_WORK TO COMPLETE_
Copy each record exactly and skip its pictures.

_ENTRIES PROVIDED_
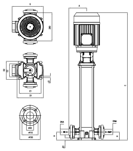 • Cette pompe est une pompe multicellulaire à axe vertical en fonte de qualité supérieure conçue pour une variété d'applications pour les fluides propres non chargés : système de pressurisation, irrigation, eau potable et glycolée, traitement de l’eau, industrie agroalimentaire, chauffage et climatisation, système de lavage..
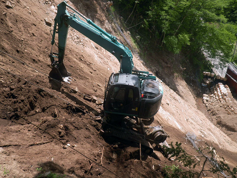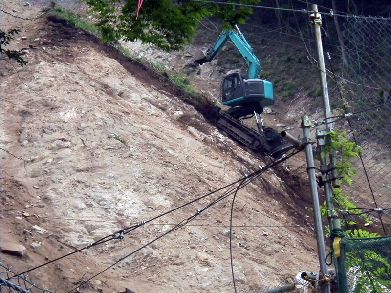 高所法面の切取り・切崩し・掘削、整形、抜根などの作業を行ないます。
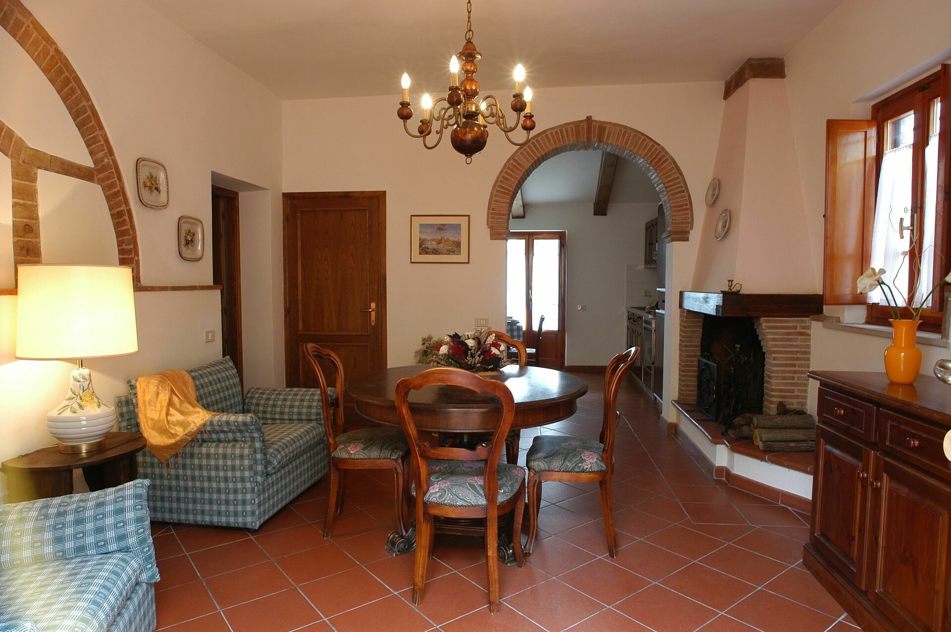 Ground floor: Entrance into living room (satellite TV) with dining area, fireplace, two single pull-out beds and cooking area (dishwasher, freezer, oven, American coffee maker), double bedroom, bathroom with shower.
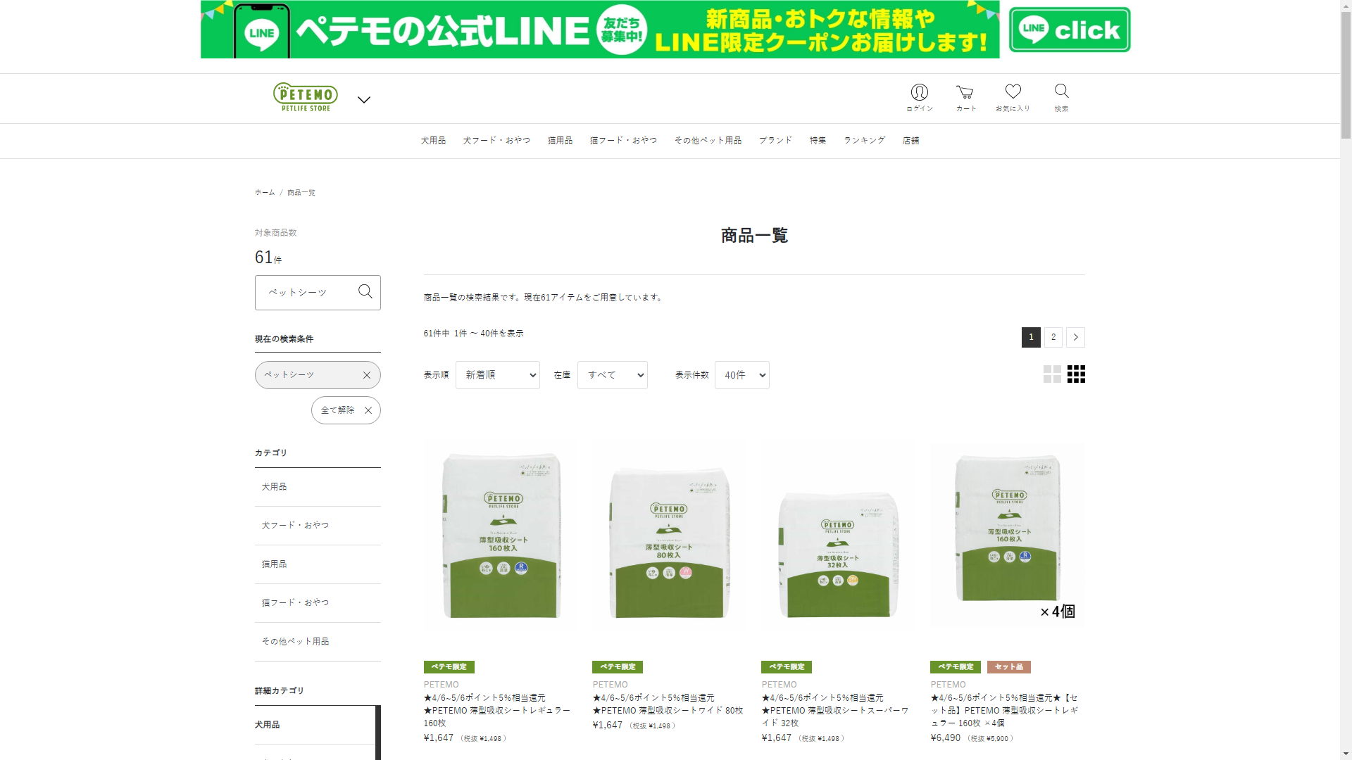 お調べしたところ現在、PETEMO(ペテモ)ではペットシーツに関連する商品を買うことが可能です。
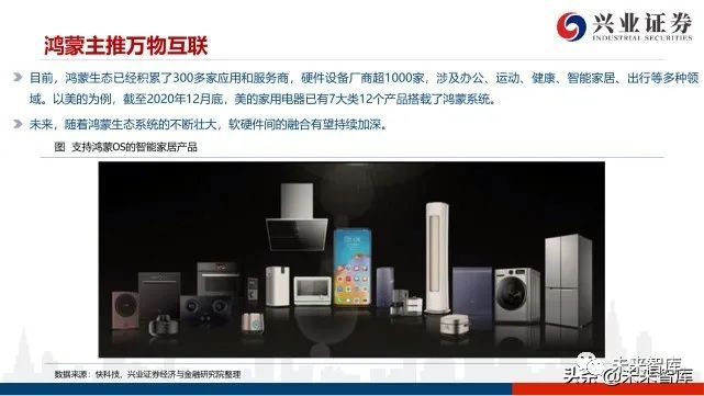 目前,鸿蒙生态已经积累了300多家应用和服务商,硬件设备厂商超1000家,涉及办公、运动、健康、智能家居、出行等多种领 域。以美的为例,截至2020年12月底,美的家用电器已有7大类12个产品搭载了鸿蒙系统。未来,随着鸿蒙生态系统的不断壮大,软硬件间的融合有望持续加深。
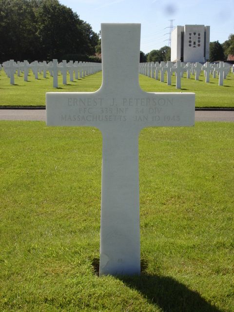 PFC Ernest J. Peterson enlisted in Boston, Massachusetts on 9 March 1943.Source of information: André Koch, Terry Hirsch, www.abmc.gov, www.wwiimemorial.com, www.archives.gov – WWII Enlistment Record, www.ancestry.com - 1930 Census / U.S., Headstone and Interment Records for U.S. Military Cemeteries on Foreign Soil, WWII Draft Card
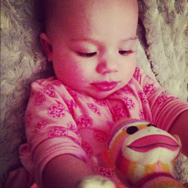 Esta noche pasada Rochelle subía una nueva foto de Ava tumbada y jugando con uno de los peluches que es un monito!!! en el mensaje que acompaña es como si Ava saludara al monito, la foto es subida en la cuenta de Ava, a continuación la imagen
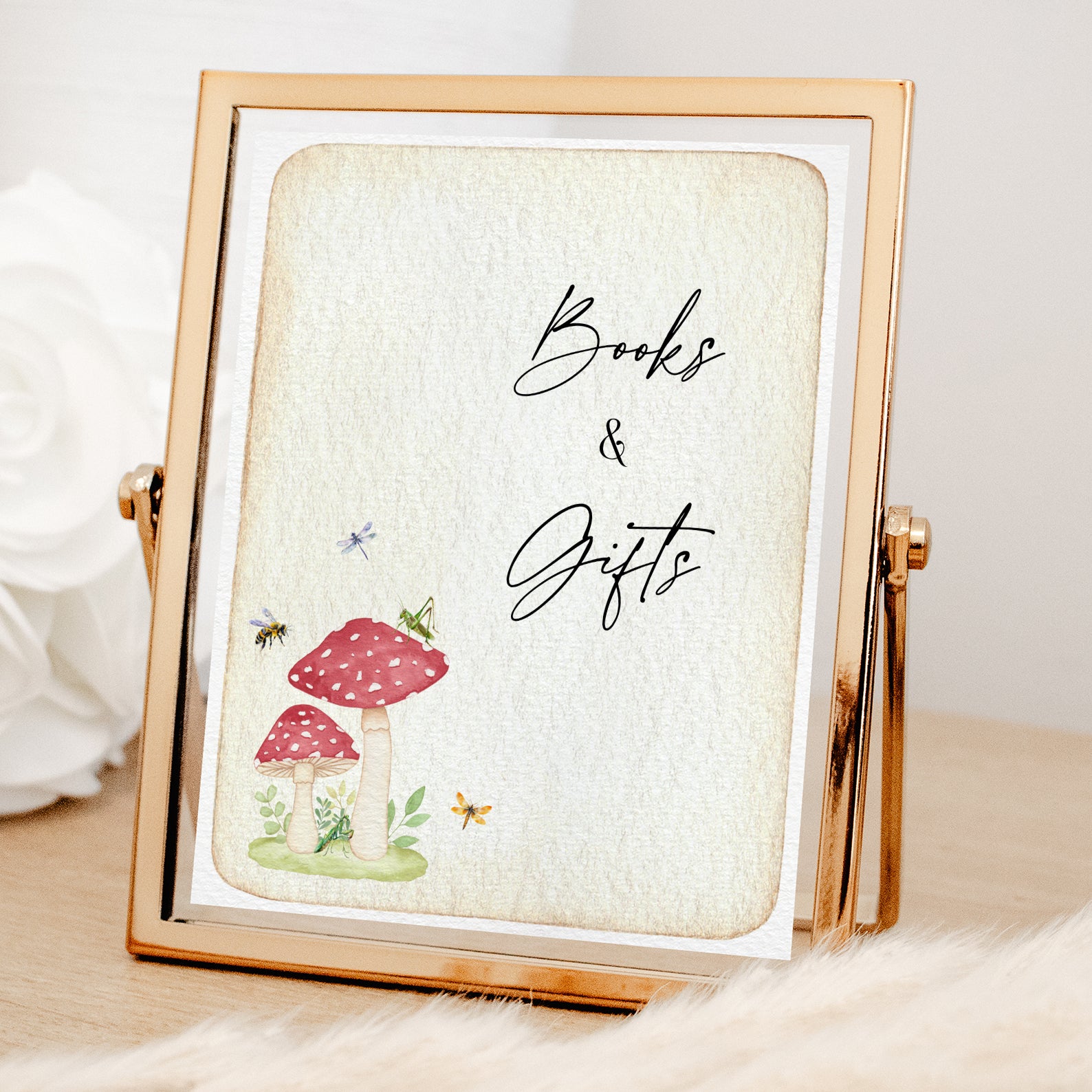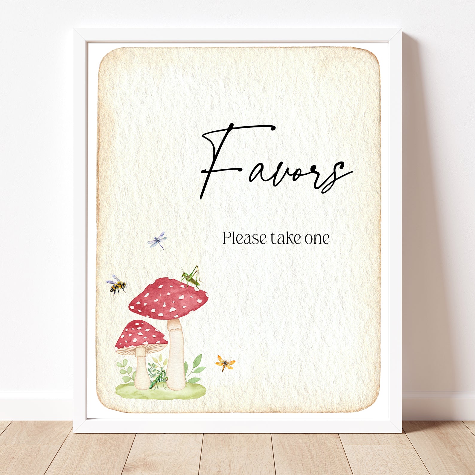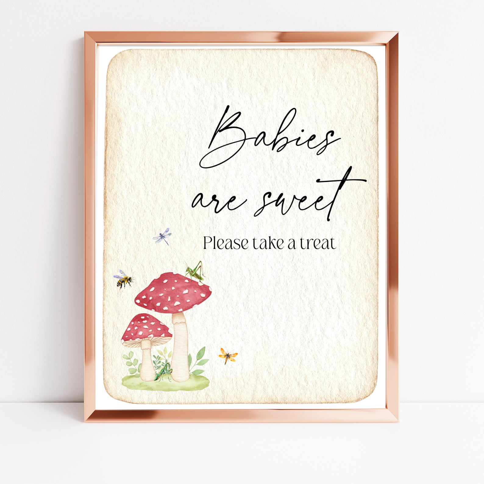 Add a touch of vintage charm to your baby shower with this set of 10 editable table signs, featuring red mushrooms, buzzing bees, a dragonfly, and a grasshopper on aged paper. This nature-inspired design includes signs for Babies Are Sweet, Books and Gifts, Diaper Raffle, Don’t Say Baby, Drinks, Envelope Station, Favors, Food, Late Night Diapers, and Mom-osa Bar. Perfectly styled for a sweet and whimsical celebration.
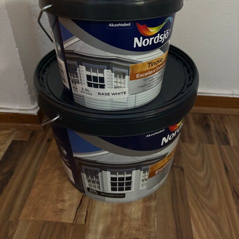 Nordsjö Original metallfärg, två burkar à 2,5 liter. En burk i kulören svart och en burk Base White (vit bas). Färgen är avsedd för målning av metall och levereras i plåtburkar med handtag. Lämplig för användning på olika metallunderlag där täckande yta önskas. Märkt AkzoNobel och specificerad som metallmålning på etiketten.
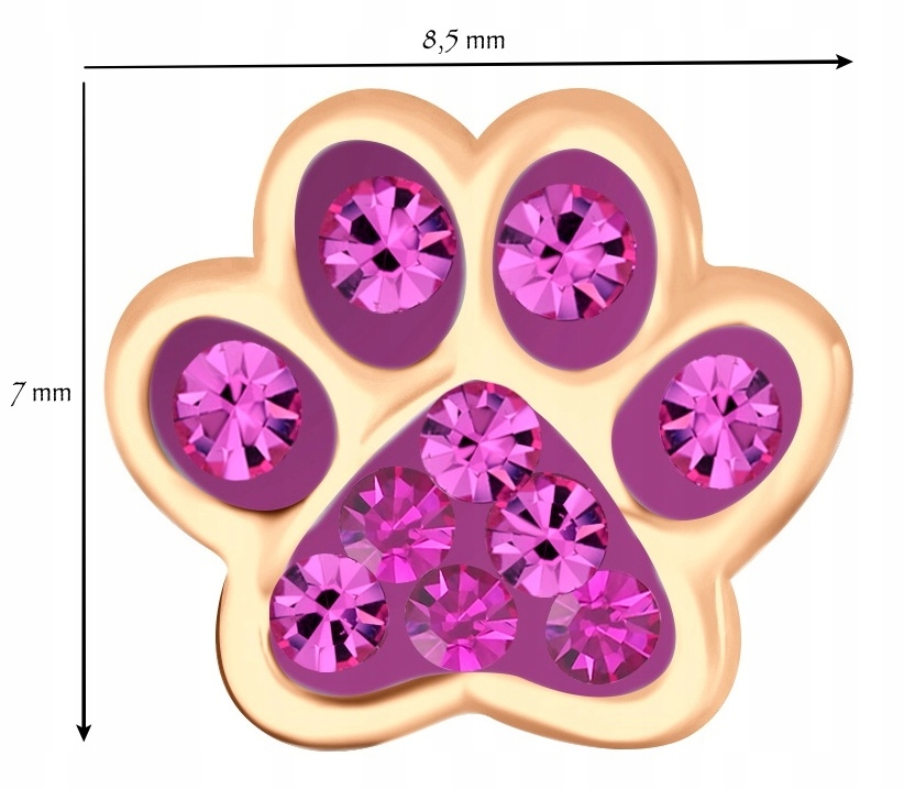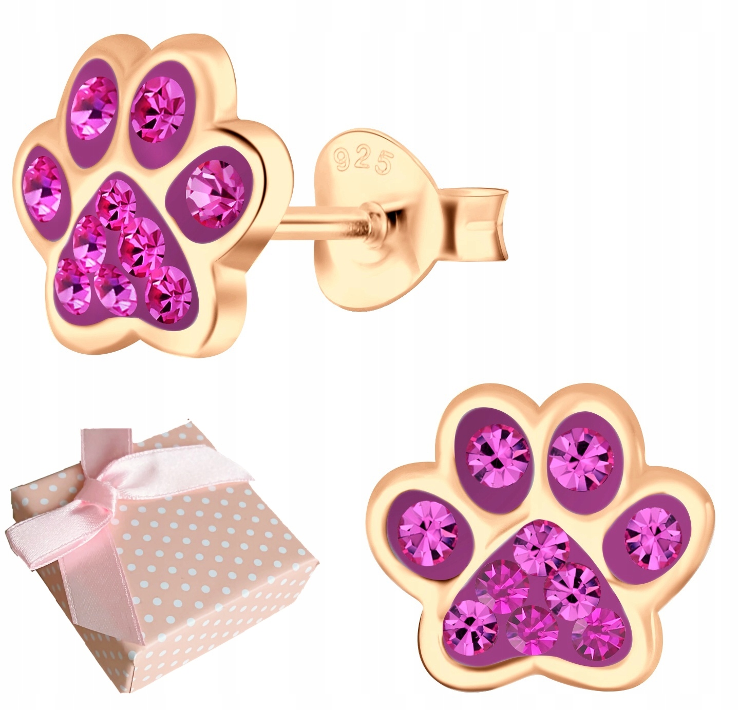 ✅ Красивые серебряные серьги позолоченные в форме лапки для девочки. Серебро 925 пробы, позолота 14К..Розовая лапка, украшенная розовыми кристаллами.
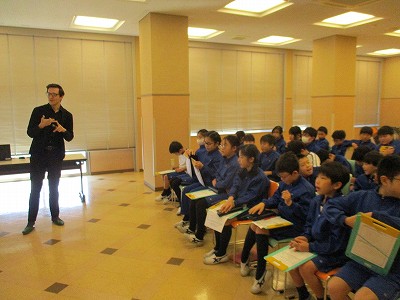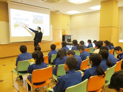 今日は、イギリス・ウェールズ出身のゲストティーチャーが来校され、4年生が英国の文化面などを中心に、お話をうかがいました。
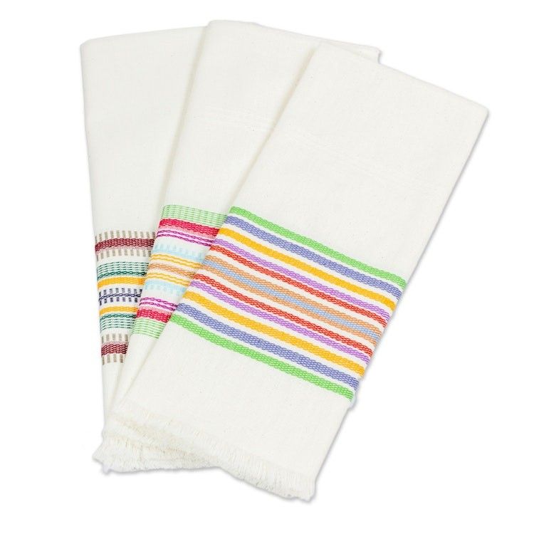 Striped Multicolor 100 Cotton Dishtowels Set of 3 'Celebration' Item ID: 2671778263
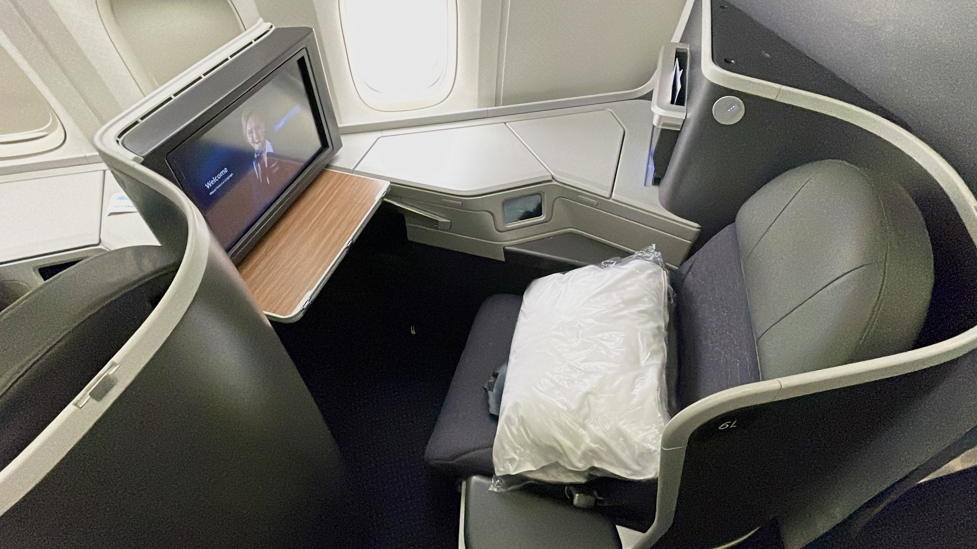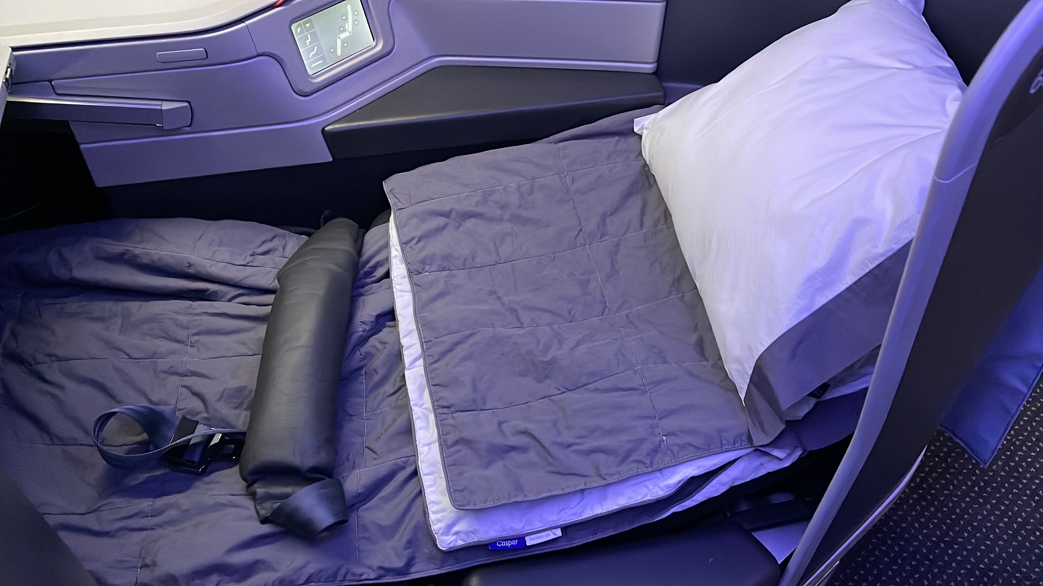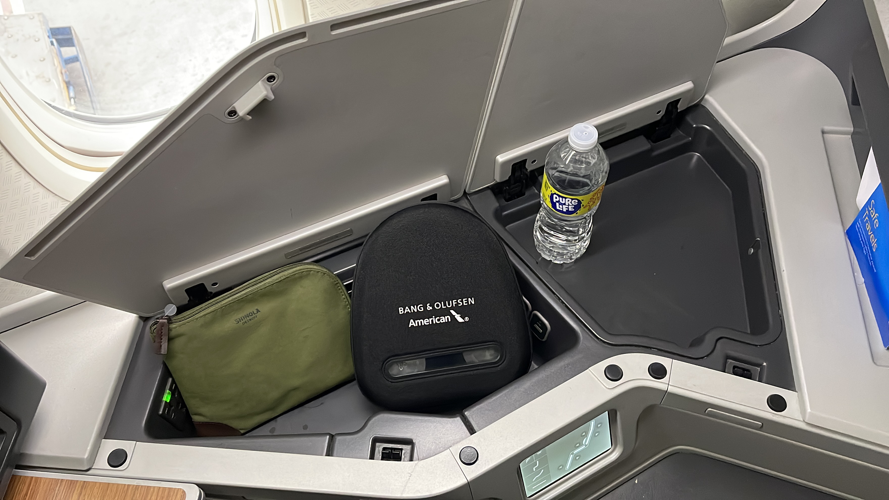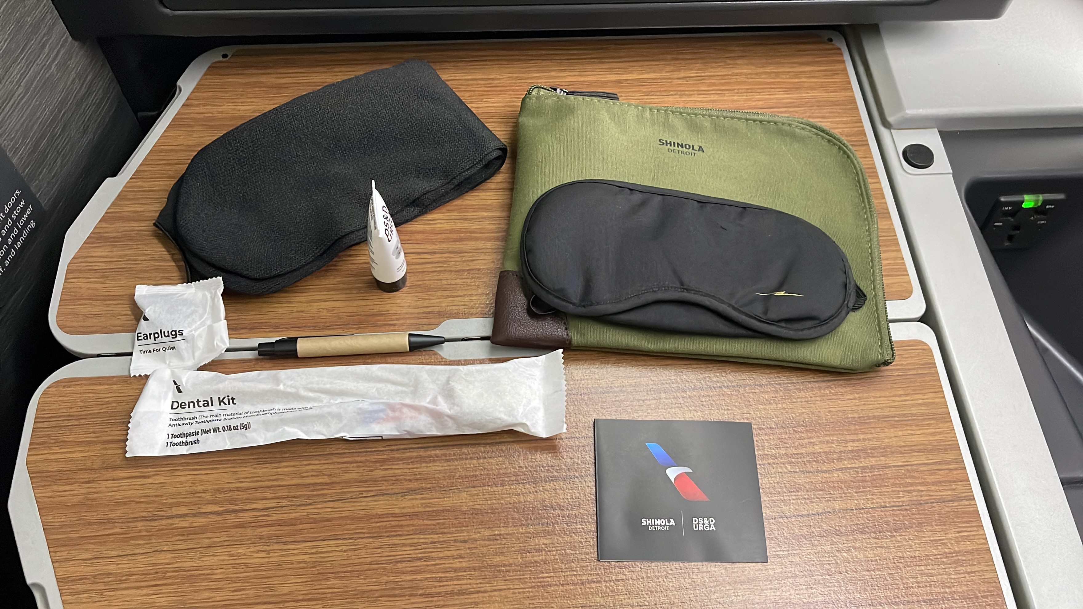 The Amenities – AA offers a Shinola business class amenity kit, which I am not a fan of compared to their previous kits. Bang and Olufsen noise canceling headphones (collected 45 minutes before landing), bottled water, and a full-size pillow and duvet set were also provided. No slippers or pajamas on this route though…

_COMPLETED EXERCISE_
 • Cette pompe est une pompe multicellulaire à axe vertical en fonte de qualité supérieure conçue pour une variété d'applications pour les fluides propres non chargés : système de pressurisation, irrigation, eau potable et glycolée, traitement de l’eau, industrie agroalimentaire, chauffage et climatisation, système de lavage..
 高所法面の切取り・切崩し・掘削、整形、抜根などの作業を行ないます。
 Ground floor: Entrance into living room (satellite TV) with dining area, fireplace, two single pull-out beds and cooking area (dishwasher, freezer, oven, American coffee maker), double bedroom, bathroom with shower.
 お調べしたところ現在、PETEMO(ペテモ)ではペットシーツに関連する商品を買うことが可能です。
 目前,鸿蒙生态已经积累了300多家应用和服务商,硬件设备厂商超1000家,涉及办公、运动、健康、智能家居、出行等多种领 域。以美的为例,截至2020年12月底,美的家用电器已有7大类12个产品搭载了鸿蒙系统。未来,随着鸿蒙生态系统的不断壮大,软硬件间的融合有望持续加深。
 PFC Ernest J. Peterson enlisted in Boston, Massachusetts on 9 March 1943.Source of information: André Koch, Terry Hirsch, www.abmc.gov, www.wwiimemorial.com, www.archives.gov – WWII Enlistment Record, www.ancestry.com - 1930 Census / U.S., Headstone and Interment Records for U.S. Military Cemeteries on Foreign Soil, WWII Draft Card
 Esta noche pasada Rochelle subía una nueva foto de Ava tumbada y jugando con uno de los peluches que es un monito!!! en el mensaje que acompaña es como si Ava saludara al monito, la foto es subida en la cuenta de Ava, a continuación la imagen
 Add a touch of vintage charm to your baby shower with this set of 10 editable table signs, featuring red mushrooms, buzzing bees, a dragonfly, and a grasshopper on aged paper. This nature-inspired design includes signs for Babies Are Sweet, Books and Gifts, Diaper Raffle, Don’t Say Baby, Drinks, Envelope Station, Favors, Food, Late Night Diapers, and Mom-osa Bar. Perfectly styled for a sweet and whimsical celebration.
 Nordsjö Original metallfärg, två burkar à 2,5 liter. En burk i kulören svart och en burk Base White (vit bas). Färgen är avsedd för målning av metall och levereras i plåtburkar med handtag. Lämplig för användning på olika metallunderlag där täckande yta önskas. Märkt AkzoNobel och specificerad som metallmålning på etiketten.
 ✅ Красивые серебряные серьги позолоченные в форме лапки для девочки. Серебро 925 пробы, позолота 14К..Розовая лапка, украшенная розовыми кристаллами.
 今日は、イギリス・ウェールズ出身のゲストティーチャーが来校され、4年生が英国の文化面などを中心に、お話をうかがいました。
 Striped Multicolor 100 Cotton Dishtowels Set of 3 'Celebration' Item ID: 2671778263
 The Amenities – AA offers a Shinola business class amenity kit, which I am not a fan of compared to their previous kits. Bang and Olufsen noise canceling headphones (collected 45 minutes before landing), bottled water, and a full-size pillow and duvet set were also provided. No slippers or pajamas on this route though…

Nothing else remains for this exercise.